Light sources operating in the non-conventional wavelength band in which traditional lasers cannot oscillate have attracted great attention recently, since the applications of lasers are extending increasingly into new fields, such as biomedical imaging, spectroscopy and so on. Optical parametric generation in optical fibers refers to a phenomenon where weak spontaneous emission is amplified by the pump wave based on the effect of degenerate four-wave mixing (FWM). It can provide tunable radiation in non-conventional wavelength bands with the advantages of flexibility, low cost and compactness. The gain from parametric process depends on the phase matching condition among the pump, signal and idlers. And the dispersion profile of the gain fiber play a critical role in the phase matching mechanism. Photonic crystal fibers (PCFs) can provide more freedoms to customize its dispersion and nonlinearity, compared with the traditional fibers with doping technology.
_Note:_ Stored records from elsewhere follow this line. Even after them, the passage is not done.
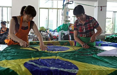 Выполнение этого заказа принесет ей более 8 млн юаней дохода, но она говорит: ?В этом году полученные нами заказы гораздо меньше, чем во время Кубка мира 2010 в Южной Африке, по сравнению с тем временем, наши заказы сократились на 10-15%?.
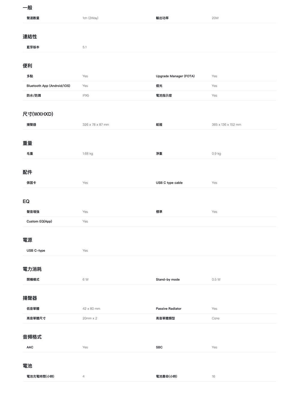 | 配件 | USB C type cable/保固卡 |
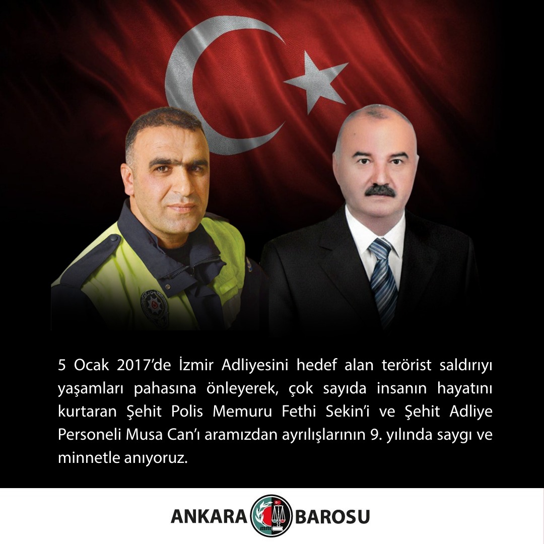 5 OCAK 2017’DE İZMİR ADLİYESİNİ HEDEF ALAN TERÖRİST SALDIRIYI YAŞAMLARI PAHASINA ÖNLEYEREK, ÇOK SAYIDA İNSANIN HAYATINI KURTARAN ŞEHİT POLİS MEMURU FETHİ SEKİN’İ Ve ŞEHİT ADLİYE PERSONELİ MUSA CAN’I ARAMIZDAN AYRILIŞLARININ 9. YILINDA SAYGI VE MİNNETLE ANIYORUZ.
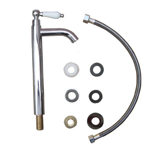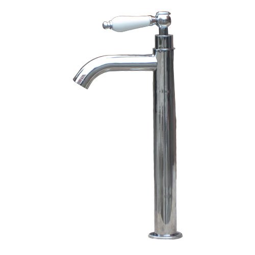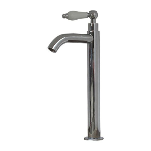 洗面水栓 蛇口 水栓金具 単水栓 シングルレバーハンドル 陶器 トールタイプ シルバー(銀) [奥行16×吐水口高22.5cm] INK-0302051HT

Especially its zero dispersion wavelengths can be located in nearly any wavelength and it has very large nonlinear coefficient. Thus, the parametric process in PCFs can provide gain in nearly any wavelength band according to the pump wavelength and the dispersion of PCF. Firstly, parametric wavelength conversion with very large span between visible and infrared band is demonstrated based on our homemade PCFs with two zero dispersion wavelengths. The theoretical design guideline is also introduced. Secondly, optical parametric amplifiers and oscillators based on PCFs pumped with 1060 nm band laser pulse are introduced in details. These works show that the optical parametric generation in PCFs is promising to provide light radiation in non-conventional wavelength bands.